(Exercise materials Opens)
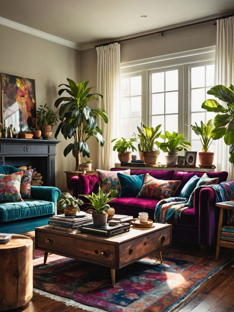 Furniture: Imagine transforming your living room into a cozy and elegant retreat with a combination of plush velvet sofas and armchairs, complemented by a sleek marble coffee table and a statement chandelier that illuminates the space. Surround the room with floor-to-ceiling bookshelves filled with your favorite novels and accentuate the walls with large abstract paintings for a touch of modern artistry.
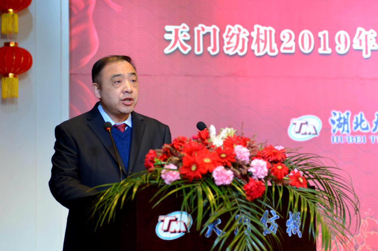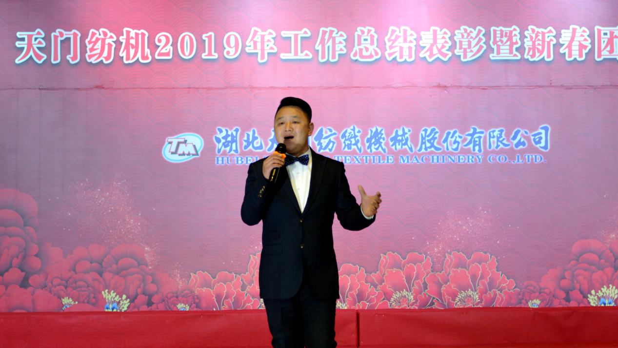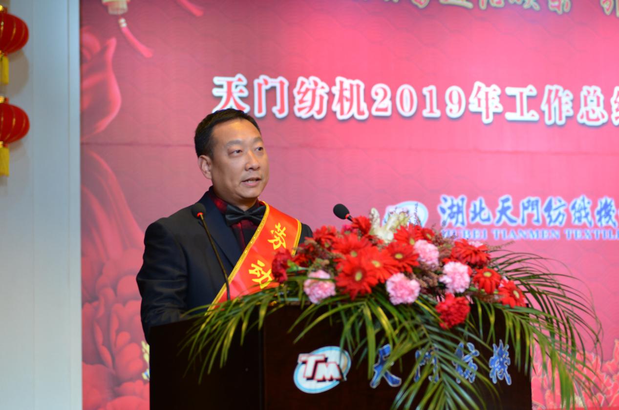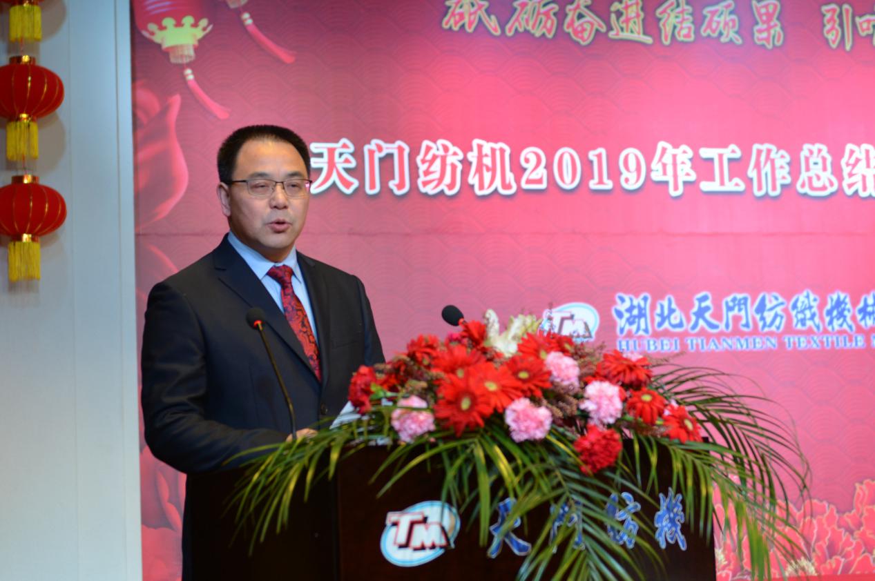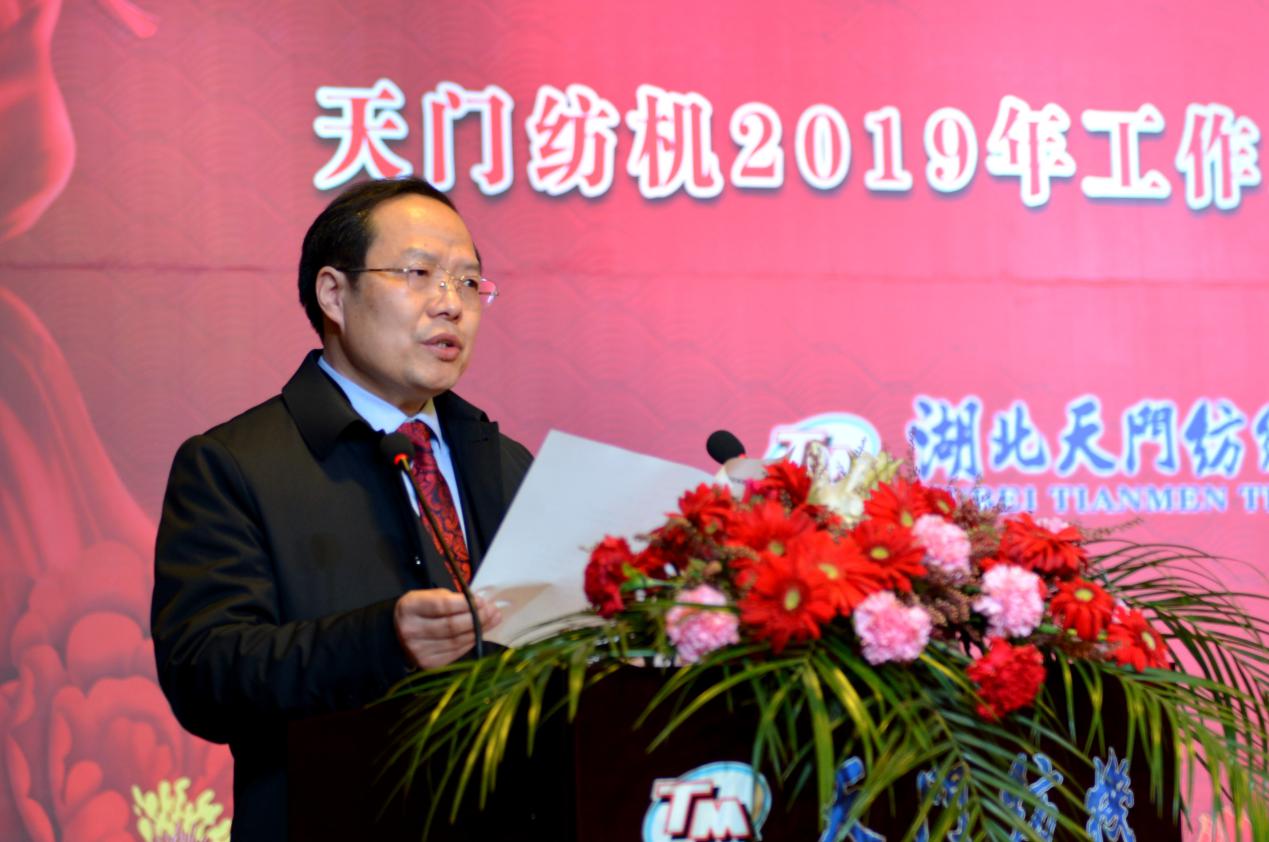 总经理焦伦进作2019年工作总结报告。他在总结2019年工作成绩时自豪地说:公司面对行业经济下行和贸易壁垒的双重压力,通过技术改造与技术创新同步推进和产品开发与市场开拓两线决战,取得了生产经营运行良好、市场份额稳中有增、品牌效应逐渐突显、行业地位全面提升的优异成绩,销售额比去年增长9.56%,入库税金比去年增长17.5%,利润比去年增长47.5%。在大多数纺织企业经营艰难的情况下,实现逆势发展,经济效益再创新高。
(Exercise materials Closes)
(Exercise materials Opens)
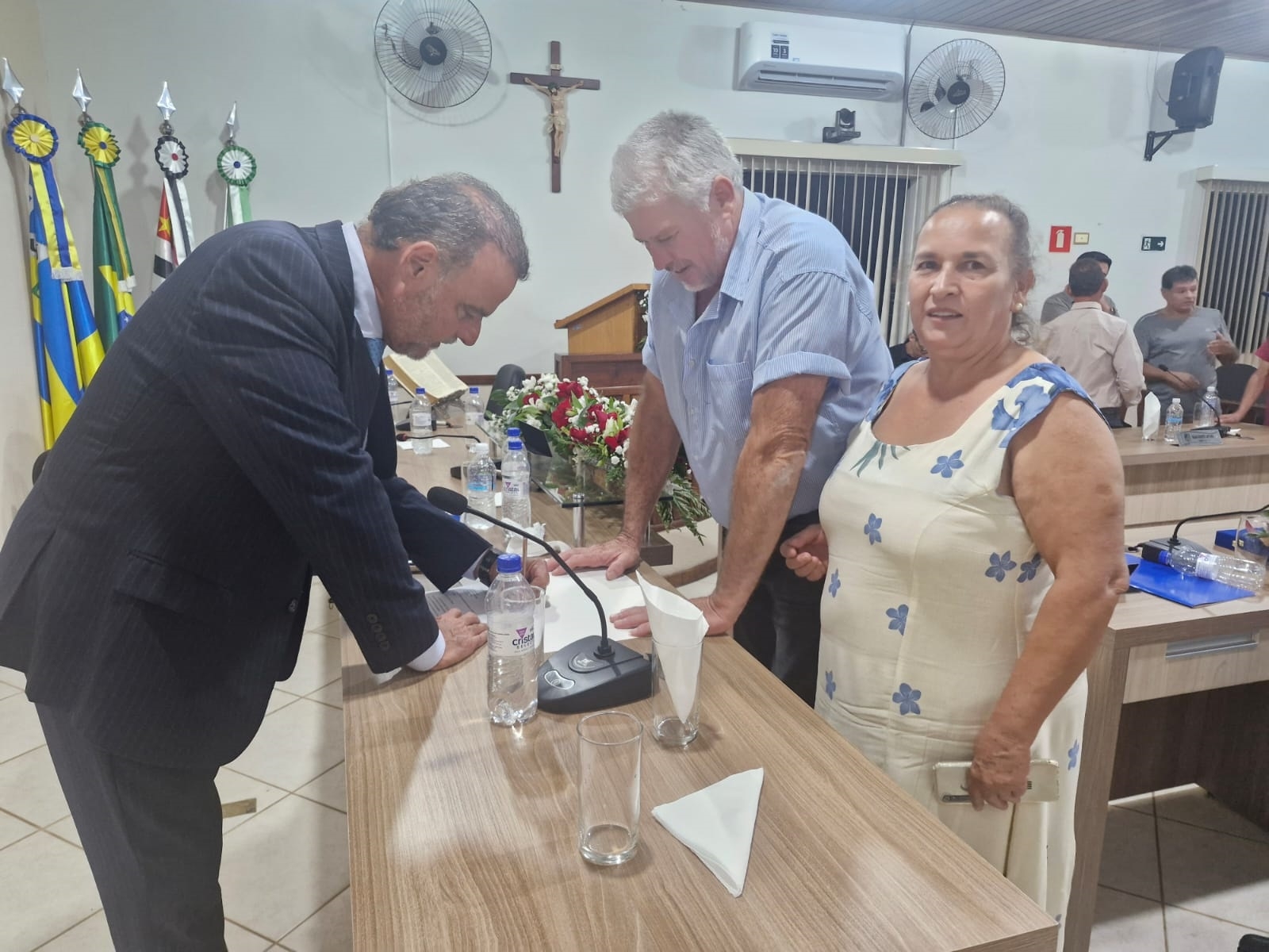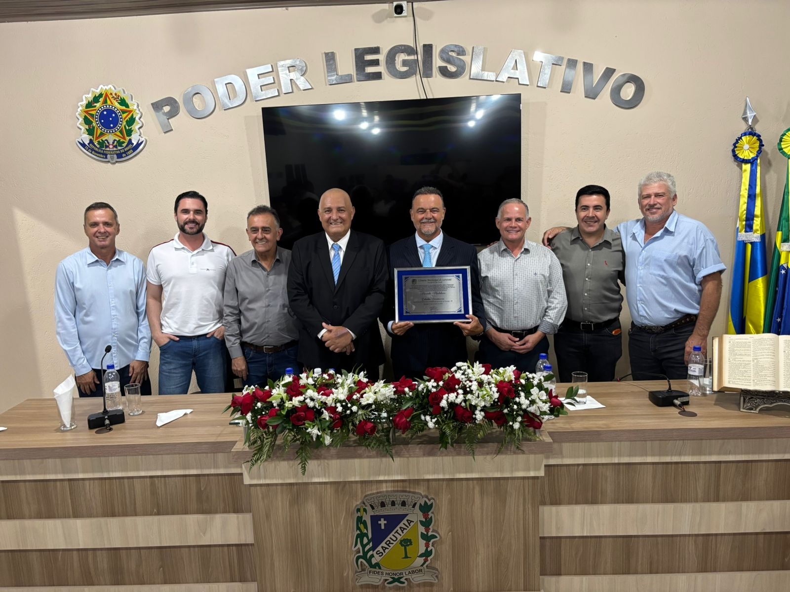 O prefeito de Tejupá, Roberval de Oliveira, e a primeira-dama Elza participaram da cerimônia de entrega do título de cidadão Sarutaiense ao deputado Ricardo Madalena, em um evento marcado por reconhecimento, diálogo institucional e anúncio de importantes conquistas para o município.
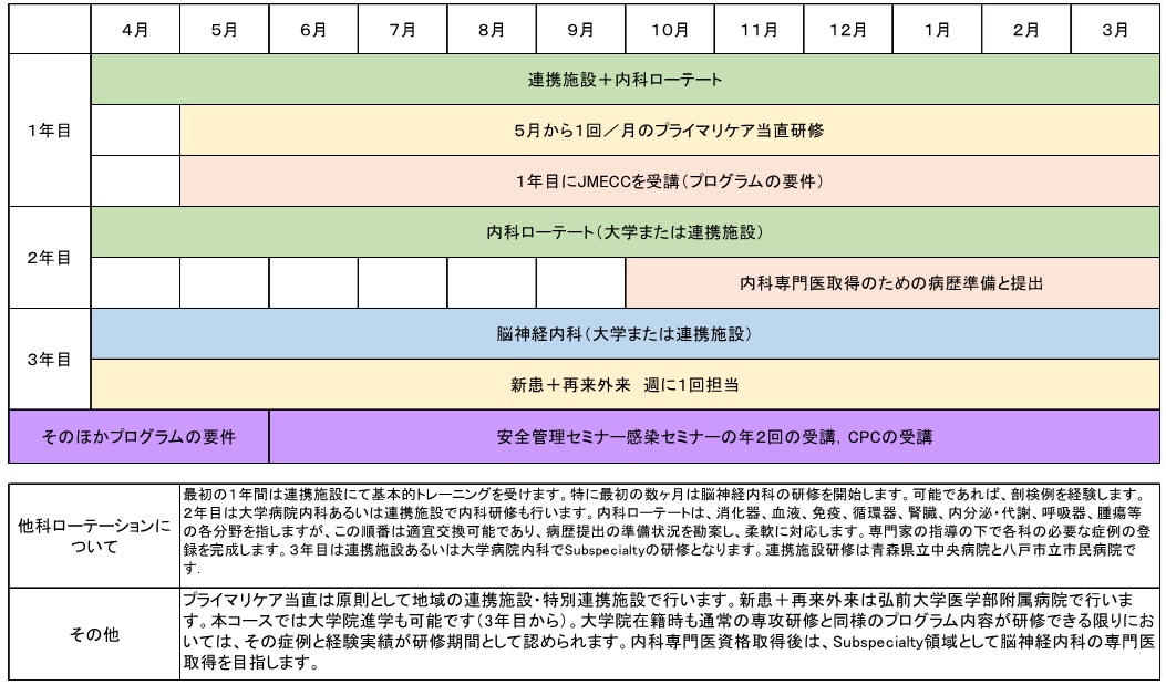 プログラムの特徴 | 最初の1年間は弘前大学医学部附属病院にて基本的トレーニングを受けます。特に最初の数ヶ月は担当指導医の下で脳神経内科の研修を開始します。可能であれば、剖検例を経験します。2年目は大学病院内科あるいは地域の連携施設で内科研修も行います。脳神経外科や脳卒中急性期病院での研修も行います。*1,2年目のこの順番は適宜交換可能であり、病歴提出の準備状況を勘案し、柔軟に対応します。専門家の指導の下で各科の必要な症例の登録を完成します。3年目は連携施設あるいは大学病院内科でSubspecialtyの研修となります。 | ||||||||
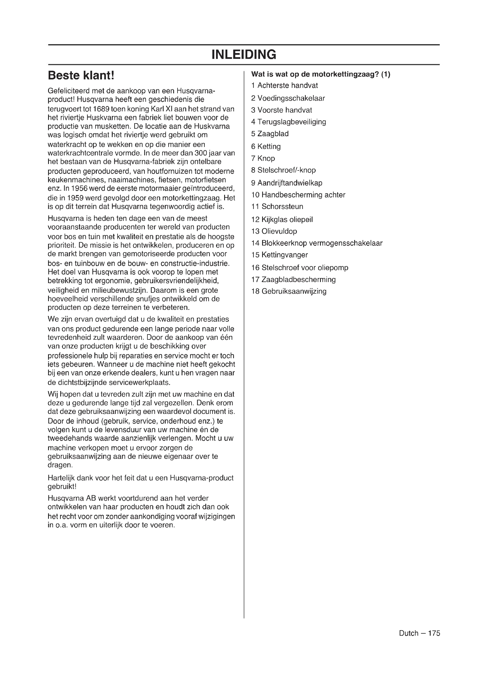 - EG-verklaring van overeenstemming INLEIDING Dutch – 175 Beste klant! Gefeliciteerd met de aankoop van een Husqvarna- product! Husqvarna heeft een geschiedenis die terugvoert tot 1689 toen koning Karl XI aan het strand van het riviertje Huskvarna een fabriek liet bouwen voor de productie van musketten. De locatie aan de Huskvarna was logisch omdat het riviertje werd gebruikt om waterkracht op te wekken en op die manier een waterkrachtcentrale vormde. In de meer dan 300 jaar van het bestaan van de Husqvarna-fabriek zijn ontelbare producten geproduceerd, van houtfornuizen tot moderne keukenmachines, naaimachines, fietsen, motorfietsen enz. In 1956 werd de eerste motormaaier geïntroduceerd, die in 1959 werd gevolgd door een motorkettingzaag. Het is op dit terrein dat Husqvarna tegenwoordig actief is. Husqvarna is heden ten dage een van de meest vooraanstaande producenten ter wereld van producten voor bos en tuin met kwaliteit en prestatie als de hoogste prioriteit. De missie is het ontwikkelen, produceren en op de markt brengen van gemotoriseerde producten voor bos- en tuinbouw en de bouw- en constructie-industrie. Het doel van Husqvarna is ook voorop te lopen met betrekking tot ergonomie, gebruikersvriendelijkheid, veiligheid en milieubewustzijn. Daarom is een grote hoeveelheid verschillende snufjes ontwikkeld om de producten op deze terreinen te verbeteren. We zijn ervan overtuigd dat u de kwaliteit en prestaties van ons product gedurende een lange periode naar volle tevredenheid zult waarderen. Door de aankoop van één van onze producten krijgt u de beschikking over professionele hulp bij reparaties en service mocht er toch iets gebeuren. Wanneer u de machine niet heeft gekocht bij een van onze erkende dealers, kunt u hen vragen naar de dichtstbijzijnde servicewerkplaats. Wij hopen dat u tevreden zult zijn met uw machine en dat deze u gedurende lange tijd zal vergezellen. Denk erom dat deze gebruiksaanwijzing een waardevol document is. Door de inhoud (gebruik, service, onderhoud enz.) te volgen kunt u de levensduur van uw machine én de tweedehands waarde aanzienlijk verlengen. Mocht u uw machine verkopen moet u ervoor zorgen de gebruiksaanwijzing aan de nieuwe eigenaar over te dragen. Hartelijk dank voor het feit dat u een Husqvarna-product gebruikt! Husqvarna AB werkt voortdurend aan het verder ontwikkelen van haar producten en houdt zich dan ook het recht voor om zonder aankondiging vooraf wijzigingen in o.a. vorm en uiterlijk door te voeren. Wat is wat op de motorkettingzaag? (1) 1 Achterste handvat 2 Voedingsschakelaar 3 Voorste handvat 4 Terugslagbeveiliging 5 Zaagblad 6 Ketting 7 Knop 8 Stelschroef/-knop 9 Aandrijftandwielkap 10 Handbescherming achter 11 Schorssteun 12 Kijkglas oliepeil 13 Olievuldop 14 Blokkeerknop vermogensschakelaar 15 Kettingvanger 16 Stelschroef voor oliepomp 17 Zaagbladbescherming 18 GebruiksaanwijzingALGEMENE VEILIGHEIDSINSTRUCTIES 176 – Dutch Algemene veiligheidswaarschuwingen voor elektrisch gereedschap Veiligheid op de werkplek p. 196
(Exercise materials Closes)
Task: Excluding any pictures, print exactly the lines of the listing above from the line with "Furniture: Imagine transforming" to the line with "总经理焦伦进作2019年工作", both ends included.

Written response:
 Furniture: Imagine transforming your living room into a cozy and elegant retreat with a combination of plush velvet sofas and armchairs, complemented by a sleek marble coffee table and a statement chandelier that illuminates the space. Surround the room with floor-to-ceiling bookshelves filled with your favorite novels and accentuate the walls with large abstract paintings for a touch of modern artistry.
 总经理焦伦进作2019年工作总结报告。他在总结2019年工作成绩时自豪地说:公司面对行业经济下行和贸易壁垒的双重压力,通过技术改造与技术创新同步推进和产品开发与市场开拓两线决战,取得了生产经营运行良好、市场份额稳中有增、品牌效应逐渐突显、行业地位全面提升的优异成绩,销售额比去年增长9.56%,入库税金比去年增长17.5%,利润比去年增长47.5%。在大多数纺织企业经营艰难的情况下,实现逆势发展,经济效益再创新高。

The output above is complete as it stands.